In ESG Clarity‘s latest issue of the digital magazine, ShareAction also shared thoughts on best practice when it comes specifically to engagement and stewardship.

“Good engagement is the exception rather than the rule,” said Simon Rawson, director of corporate engagement at ShareAction.

“What we see when we look at investor policies and practices through our asset manager rankings, or when we look at investor voting practices in our proxy voting analysis, is the vast majority of the world’s biggest asset managers are asleep at the wheel on climate change, but also across a much broader range of ESG topics that are now front and centre for most ultimate
owners of capital.”

For the magazine feature, Square Mile Investment and Consulting shared three examples of best engagement practice: EdenTree, Baillie Gifford and Federated Hermes.

The EdenTree responsible investment (RI) team, which works closely with the fund managers, has the ability to veto a stock if a company does not stand up to scrutiny. Alongside company research, the RI team’s members are responsible for voting and engagement with companies, Square Mile said.

If the team identifies potential issues in the initial screens, it will work with those companies to improve, and, once invested, its members will maintain an ongoing dialogue with companies, working with them through any controversies or unexpected events that may occur, and ensuring they maintain high standards.

The RI team also places a great deal of emphasis on what it refers to as ‘thematic engagement’ to identify issues. It then works across a sector and often in collaboration with other groups to ameliorate or eliminate an issue. The results of these engagements are published on an annual basis in the group’s Responsible Investment activity report.

The RI team also drives EdenTree’s thought leadership, which involves producing detailed overviews of sectors, value chains and individual issues that may arise, such as the group’s thoughts on palm oil or sugar.

Baillie Gifford managers deem ongoing engagement with companies as critical to assess and report on how a company has delivered on its financial and impact objectives. They undertake a proprietary ‘positive chain’ assessment for each stock, with the purpose of assigning clear outcomes and milestones for ongoing monitoring purposes. A good level of detail on this can be found in the fund’s annual impact report.

This approach is termed ‘inclusions-based’, for the fund does not use any formal exclusions screening.
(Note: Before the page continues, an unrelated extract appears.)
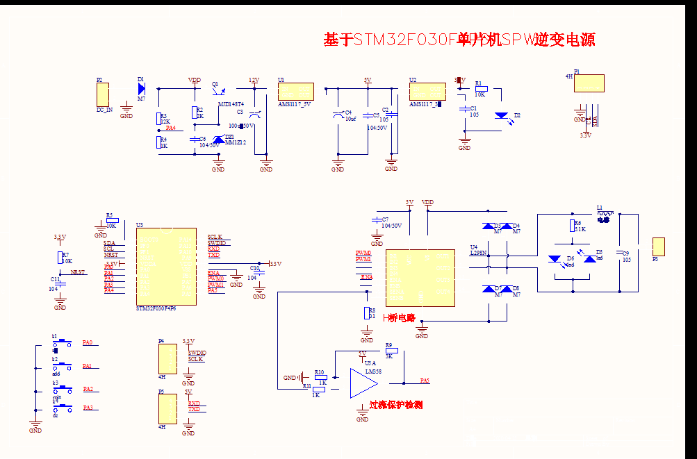 关键词:逆变电源 软硬件设计 SPWM调制 STM32

As an output of the process, Baillie Gifford aggregates the product impact for each company and links it to the United Nation’s Sustainable Development Goals.

Federated Hermes has established an enviable track record of bringing about successful corporate change. Its co-ordinated approach through the EOS initiative is well documented and providing evidence is key to its process. It is also vocal and has published several impressive case studies that show how successful stewardship not only results in
social improvements but in stronger financial performance.